Biélorussie : pour Nathalie Loiseau, députée européenne LREM et ancienne ministre des affaires européennes, "Loukachenko commence à reculer, la peur des sanctions a suffi". Elle était l'invitée du “petit déjeuner politique” le 16 novembre sur Sud Radio.

Biélorussie
Nathalie Loiseau, interviewée par Patrick Roger sur Sud Radio, le 16 novembre, dans "le petit déjeuner politique".

Construction d'un mur face aux migrants en Pologne à la frontière avec la Biélorussie, nouvelle menace du Covid, campagne présidentielle, Macron, Le Pen, Zemmour : Nathalie Loiseau répond aux questions de Patrick Roger.

Biélorussie : "Le dictateur Loukachenko commence à reculer"
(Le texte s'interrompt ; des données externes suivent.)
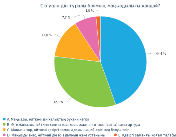
Диаграмма 4. Сіз үшін дін туралы білімнің маңыздылығы қандай?

Диаграммада көрсетілген зерттеу нәтижесінің көрсеткіштеріне талдау жасайтын болсақ, қазіргі жастардың басым көпшілігі (44,6%) дін туралы білімнің маңыздылығын дін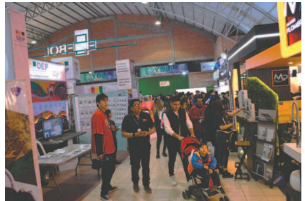
La feria registró pabellones llenos de gente

croempresarios, entidades financieras y lo más destacado de esta gestión: la presencia de inversionistas extranjeros que llegan de Chile y España. Se debe resaltar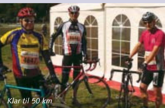
Klar til 50 km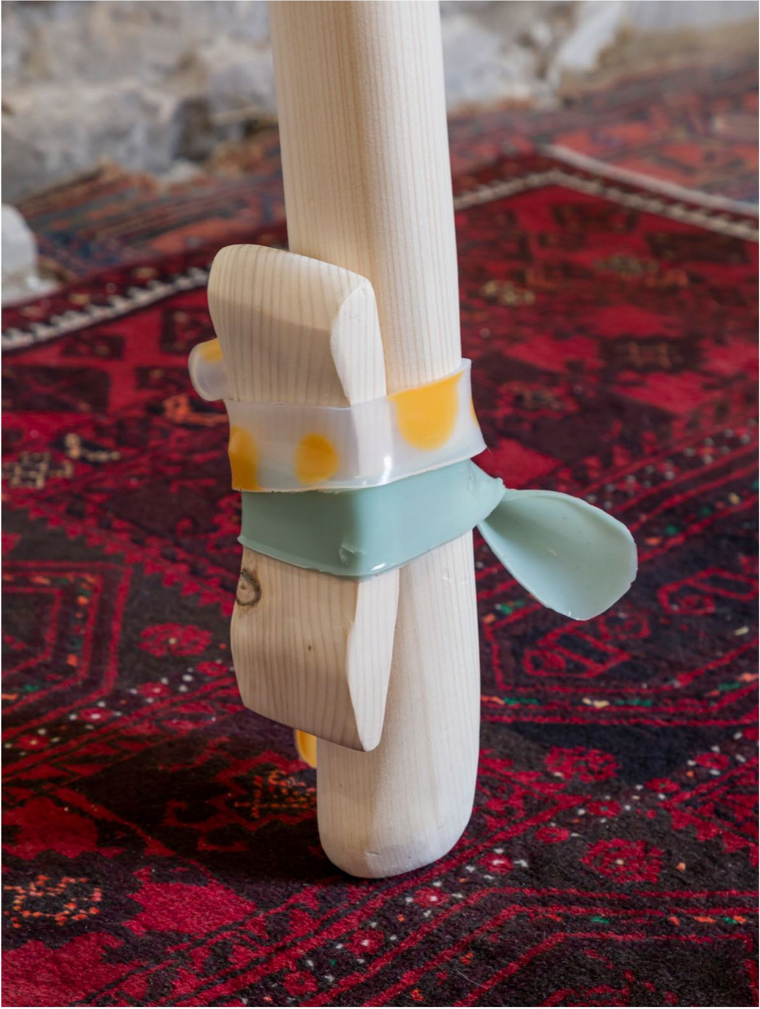
Untitled (hips) , 2021 Bois, silicone, pigment de couleur, pigment de chrome 330 x 90 x 15 cm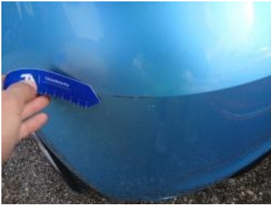
Imagen - 37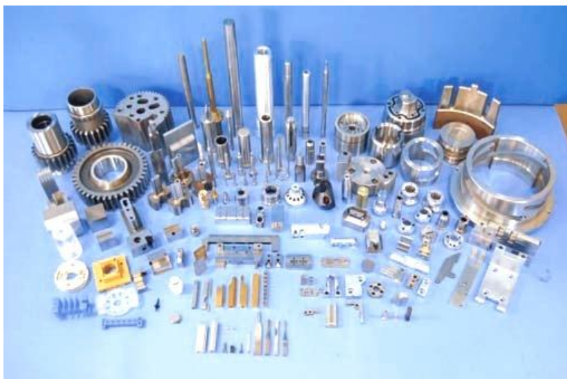
当社納入部品の一部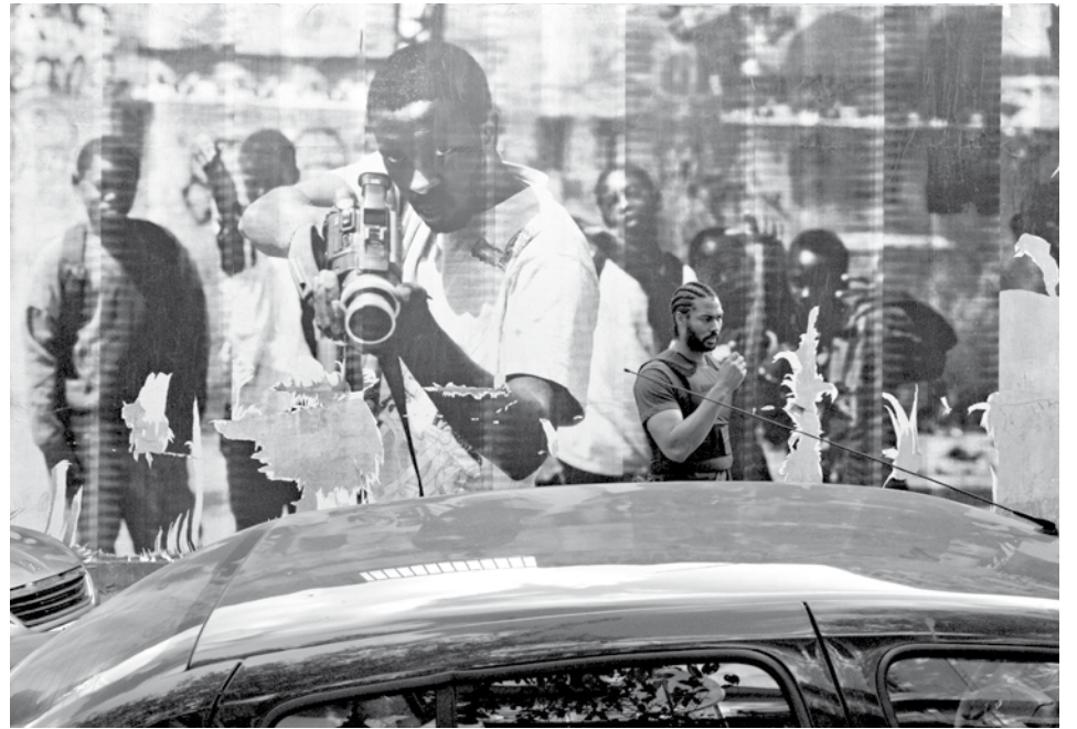
Fotograma Los Miserables (Ladj Ly, 2019)

Buzz juega desde el aire; Chris, Gwada y su nuevo colega, Ruiz, también juegan a ser poderosos desde su patrulla sin sirena, desde sus trajes de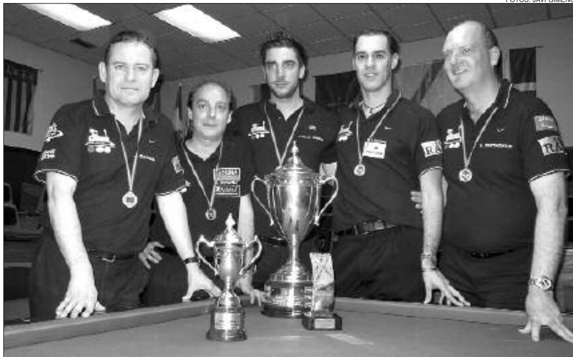
Los componentes del Club de Billar Caseta Nova muestran orgullosos los trofeos de campeones

El Caseta Nova, como primero de grupo y con un promedio general de 1'405 en el

La crise des migrants secoue l'Europe. Le patron de la diplomatie européenne annonce des sanctions contre ceux qui orchestrent l'afflux de migrants à l'entrée de l'Europe. "L'Europe a tapé du point sur la table confirme Nathalie Loiseau. Avant même que les sanctions soient en vigueur, il semble que le dictateur biélorusse Loukachenko, qui est à l'origine de cette manipulation d'êtres humains, commence à reculer"affirme la députée européenne.

"L'idée est de dire aux compagnies aériennes, qui allaient chercher des migrants au Proche et Moyen Orient, d'arrêter ce trafic d'êtres humains. On voit les compagnies les unes après les autres qui disent arrêter, la peur des sanctions a suffi. Par ailleurs, on dit à tous ceux qui ont organisé ces trafics d'êtres humains, qu'ils soient biélorusses ou autres : 'attention on va cogner'".
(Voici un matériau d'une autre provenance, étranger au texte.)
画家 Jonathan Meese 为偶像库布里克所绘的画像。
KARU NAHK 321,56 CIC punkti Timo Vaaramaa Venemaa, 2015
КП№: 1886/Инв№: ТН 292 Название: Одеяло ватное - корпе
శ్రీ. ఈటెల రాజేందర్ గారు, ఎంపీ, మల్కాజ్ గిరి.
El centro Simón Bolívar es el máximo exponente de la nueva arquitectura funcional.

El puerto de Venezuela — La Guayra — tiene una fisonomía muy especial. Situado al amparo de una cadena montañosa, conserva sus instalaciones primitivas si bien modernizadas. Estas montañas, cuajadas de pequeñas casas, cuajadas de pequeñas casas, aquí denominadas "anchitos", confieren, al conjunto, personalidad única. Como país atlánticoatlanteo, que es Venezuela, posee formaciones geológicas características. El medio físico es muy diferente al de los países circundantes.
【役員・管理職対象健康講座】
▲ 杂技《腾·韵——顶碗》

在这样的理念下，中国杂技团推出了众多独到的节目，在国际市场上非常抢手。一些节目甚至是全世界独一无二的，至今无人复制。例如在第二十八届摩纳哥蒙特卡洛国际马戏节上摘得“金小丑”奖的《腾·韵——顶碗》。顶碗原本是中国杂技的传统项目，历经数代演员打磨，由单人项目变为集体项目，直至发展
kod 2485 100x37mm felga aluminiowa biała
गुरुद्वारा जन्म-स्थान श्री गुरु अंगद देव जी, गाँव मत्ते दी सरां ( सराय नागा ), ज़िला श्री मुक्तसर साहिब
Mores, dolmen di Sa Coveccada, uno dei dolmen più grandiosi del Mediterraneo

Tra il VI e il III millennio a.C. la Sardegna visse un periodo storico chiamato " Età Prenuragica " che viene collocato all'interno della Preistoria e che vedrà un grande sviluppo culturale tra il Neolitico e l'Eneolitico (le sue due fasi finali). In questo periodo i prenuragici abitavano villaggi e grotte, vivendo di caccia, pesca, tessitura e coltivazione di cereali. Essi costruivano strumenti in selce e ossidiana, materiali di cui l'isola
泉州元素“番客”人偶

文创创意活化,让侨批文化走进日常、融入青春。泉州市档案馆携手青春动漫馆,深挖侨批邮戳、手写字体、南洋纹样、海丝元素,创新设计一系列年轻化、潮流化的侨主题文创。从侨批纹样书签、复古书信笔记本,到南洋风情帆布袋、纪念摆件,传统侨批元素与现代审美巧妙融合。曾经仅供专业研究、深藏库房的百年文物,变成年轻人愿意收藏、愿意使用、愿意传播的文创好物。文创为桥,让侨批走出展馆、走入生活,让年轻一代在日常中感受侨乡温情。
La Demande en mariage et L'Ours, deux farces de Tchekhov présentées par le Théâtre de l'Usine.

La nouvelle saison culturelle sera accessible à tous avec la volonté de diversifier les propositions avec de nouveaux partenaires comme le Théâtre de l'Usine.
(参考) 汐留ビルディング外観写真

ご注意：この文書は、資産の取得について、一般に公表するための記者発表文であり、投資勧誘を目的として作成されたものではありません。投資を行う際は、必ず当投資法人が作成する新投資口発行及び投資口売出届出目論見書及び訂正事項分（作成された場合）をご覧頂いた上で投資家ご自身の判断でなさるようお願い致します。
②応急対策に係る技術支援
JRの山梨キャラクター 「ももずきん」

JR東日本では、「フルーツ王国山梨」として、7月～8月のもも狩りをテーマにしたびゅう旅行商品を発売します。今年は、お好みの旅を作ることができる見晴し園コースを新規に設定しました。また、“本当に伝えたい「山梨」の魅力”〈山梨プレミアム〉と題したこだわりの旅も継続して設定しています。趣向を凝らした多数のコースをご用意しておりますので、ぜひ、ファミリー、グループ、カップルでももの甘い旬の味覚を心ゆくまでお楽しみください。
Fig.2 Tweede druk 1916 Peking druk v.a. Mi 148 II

Nathalie Loiseau : "Le Rassemblement National passe tout à la Russie de Vladimir Poutine"

D'après Nathalie Loiseau, "on sait que Loukachenko, qui se maintient au pouvoir après des élections truquées, n'est là que par le soutien de Vladimir Poutine, qui nie. Mais il n'ignore rien de ce qu'il se passe en Biélorussie estime-t-elle. Prenons-le au mot comme l'a fait Emmanuel Macron : si vous n'avez pas créé la crise, au moins aidez à la résoudre, dites à Loukachenko d'arrêter cette manipulation. On a appelé ça une attaque hybride contre l'Union européenne : agressive, inamicale, par des moyens qui ne sont pas militaires, en convainquant des malheureux de venir en Biélorussie et d'essayer de rentrer en Pologne pour venir en Allemagne".
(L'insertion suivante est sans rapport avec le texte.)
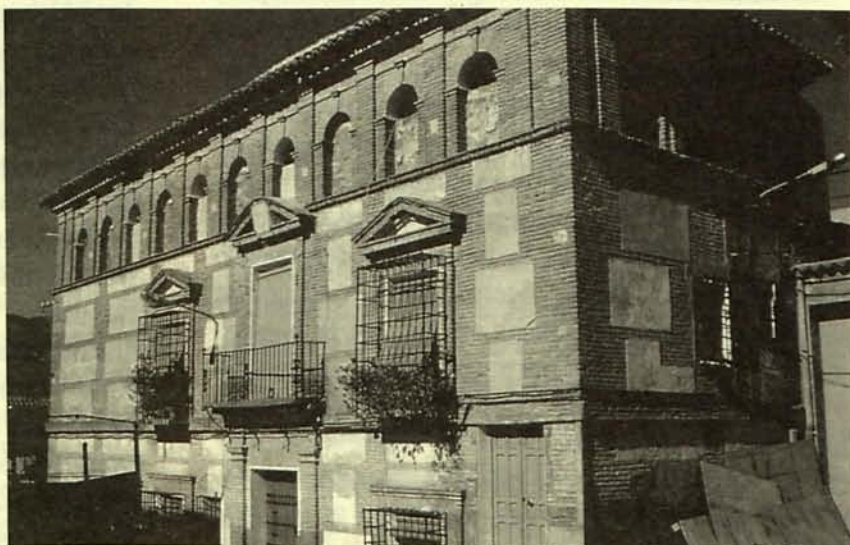
FONDÓN. CASA DE LOS GODOY.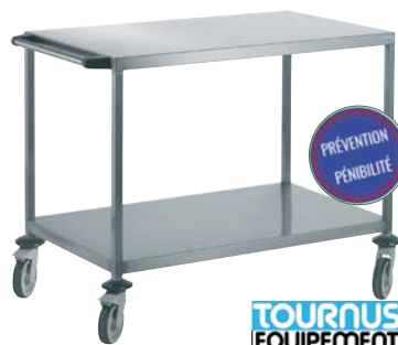
Table mobile multiservice inox 2 plateaux 2 plateaux lisses dimensions utiles : 100 x 60 cm. Espace entre plateaux 57 cm. Poignée horizontale qui libère toute la surface. Charge maximale : 100 kg par plateau. 4 roues pivotantes ø 125 mm dont 2 à frein.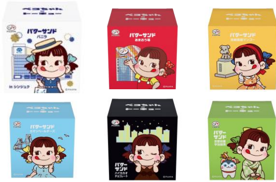
▲全 6 種類の BOX デザイン & フレーバー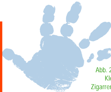
Abb. 2: Projektidee Kletterwand am Zigarrenmacherplatz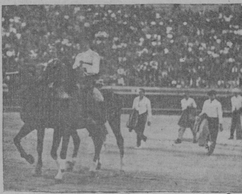
Del festival taurino de los Ingenieros. - Desfile de las cuadrillas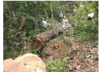
南谷左岸の枯コナラ伐採

南堰堤左岸の平地で残っていた大枯コナラをチルホールも使って伐採処理した。伐倒はうまくいったが、大枝処理の時、幹が想定外に回転してヒヤリハットとなった。倒木が安定な状態になったか十分な確認が必要と思った。コナラ伐採後は南堰堤左岸を中心に常緑を除伐して作業道付近をすっきりとさせた。東口側には枯コナラ、枯ザクラがあったが秋以降の作業とした。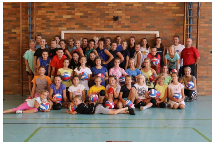
Soustředění mladých volejbalistek Sokola Pardubice I v Jablonném nad Orlicí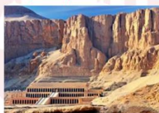
วิหารฮัคเซฟซุต

** พักที่ JAZ Crown Jewel Nile Cruise 4* หรือเทียบเท่า **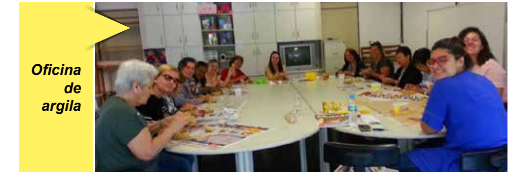
Oficina de argila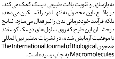
دیسک‌سوزهای خارجی تنها نقش یک پرتوی جابجایی‌کننده فیزیکی را ایفا می‌کنند، سامانه بومی محققان امیرکبیر فراتر عمل کرده و با تحریک ترشح «گلیکوآمینوگلیکان»، به بازسازی و تقویت بافت طبیعی دیسک کمک می‌کنند. در واقع، این محصول تنها تهداد در آن تسکین می‌دهد، بلکه فرآیند خوددرمانی بدن را نیز فعال می‌سازد. نتایج درخشان این طرح که روی سلول‌های دیسک گوسفند موفقیت آزمایشی شده، در نشریات معتبر بین‌المللی همچون The International Journal of Biological Macromolecules به چاپ رسیده است.

مطالعه جدیدی که نتایج آن در نشریه تحقیقات ژئوفیزیک منتشر شده و به گفته «پاولو پیرم»، دانشمند علوم سیاره‌ای در آزمایشگاه فیزیک کاربردی دانشگاه جانز هاپکینز، فرضیه برخورد یک جرم آسمانی شبیه دنباله‌دار را با عطارد تقویت می‌کند. بر اساس این سناریو، جرمی یخی با قطر حدود ۱۷ کیلومتر با سرعتی نزدیک به ۳۰ کیلومتر بر ثانیه، با سطح سیاره برخورد کرده است. زمین‌شناختی و شیمیایی عطارد، همخوانی دارد.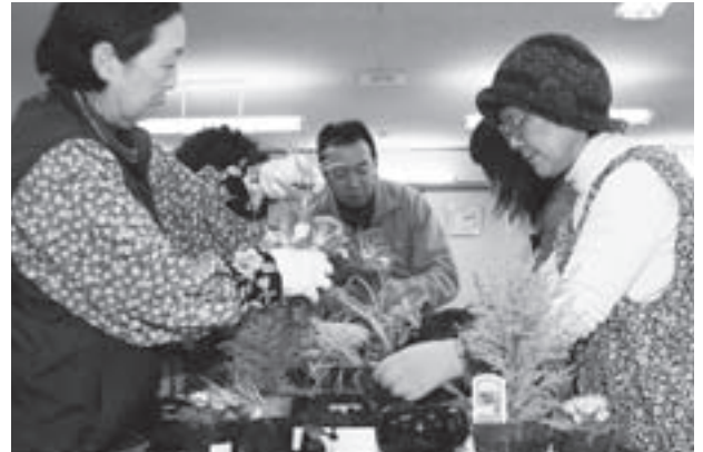
講師の指導を受けながら寄せ植えを作る受講生

12月21日、女性教室「室内観賞用花寄せ植え」が村山村開発センターで行われ、18人が室内観賞用の花の寄せ植えの作業を行いました。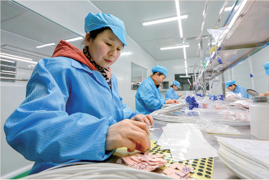
2月11日，工人在江西省峡江县工业园区一家企业的生产车间做工。

2月11日是春节假期后的第一个工作日，各行各业的劳动者纷纷投入到繁忙的生产当中。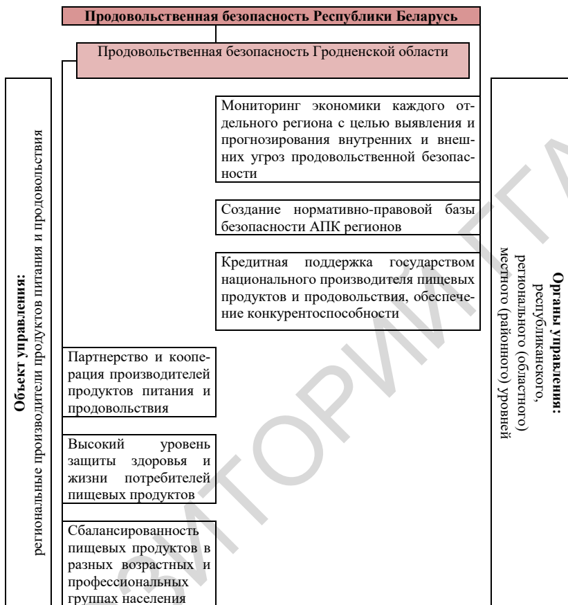
Рисунок 1 – Блок-схема механизма обеспечения продовольственной безопасности Гродненской области

При проектировании системы стратегического управления продовольственной безопасностью региона необходимо учитывать ряд условий: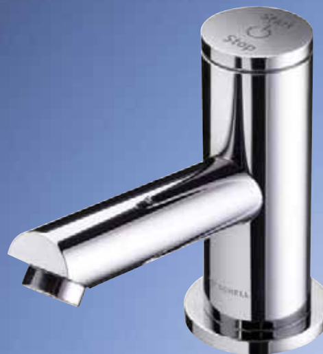
Grifo piezoeléctrico TIPUS P

"C'est une crise créée de toutes pièces, parce que l'Europe avait été très ferme vis-à-vis de Loukachenko, qui a volé des élections, avec des centaines de prisonniers politiques, certains torturés. Il essaie de se sortir de la pression européenne, on remet la pression, il ne lui reste plus qu'à reculer".

Peut-on avoir un dialogue constructif avec Poutine ? interroge Patrick Roger. "On ne peut pas ne pas se parler affirme Nathalie Loiseau. Il faut le faire pour faire baisser la tension, mais pas de manière naïve ou servile. Je suis exaspérée quand j'entends de manière récurrente Madame Le Pen nous dire qu'il faut dialoguer avec Poutine. On sait que le Rassemblement National passe tout à la Russie de Vladimir Poutine. Pour elle, ce n'est pas comme ça qu'on doit se comporter avec un régime autoritaire, qui est à l'origine de campagnes de désinformation en Europe, de cyberattaques en Europe, qui a au mieux laissé faire au pire aidé à la crise européenne aujourd'hui".

Migrants : "Il faut les mettre à l'abri, là où ils sont"

Sur la construction d'un mur à la frontière de la Pologne, Nathalie Loiseau "comprend la réaction des Polonais qui se sentent attaqués. En même temps, il y a un côté tragique de l'histoire. La Pologne, malgré elle, était de l'autre côté du rideau de fer avant la chute du communisme. Aujourd'hui, la Pologne reconstruit un mur pour se protéger d'un dictateur proche de Poutine. Je serai la dernière à lui jeter la pierre".

"Il y a aussi une urgence humanitaire concernant les migrants tient-elle à souligner. Je ne dis pas qu'il faut les accueillir mais il est urgent de les mettre à l'abri. Ce qu'a fait Loukachenko, c'est dégueulasse ! Il faut les mettre à l'abri, là où ils sont, leur donner du chauffage, à manger, des médicaments. Puis il faut raccompagner la plupart d'entre eux, qui n'avaient pas vocation à venir en Europe. La diplomatie européenne est très active depuis plusieurs jours se réjouit-elle. Elle s'est enfin réveillée ! Les pays étaient désunis entre eux et parmi eux, la Pologne. Aujourd'hui, la Pologne en vient à réfléchir différemment. Dans les sondages, la population polonaise demande largement que la Pologne accepte l'aide de l'Union européenne qu'elle avait refusée. Une Europe politique est en train de se construire, comme d'habitude cahin caha, car nous sommes 27 nations qui devons décider ensemble. On a besoin de plus d'Europe".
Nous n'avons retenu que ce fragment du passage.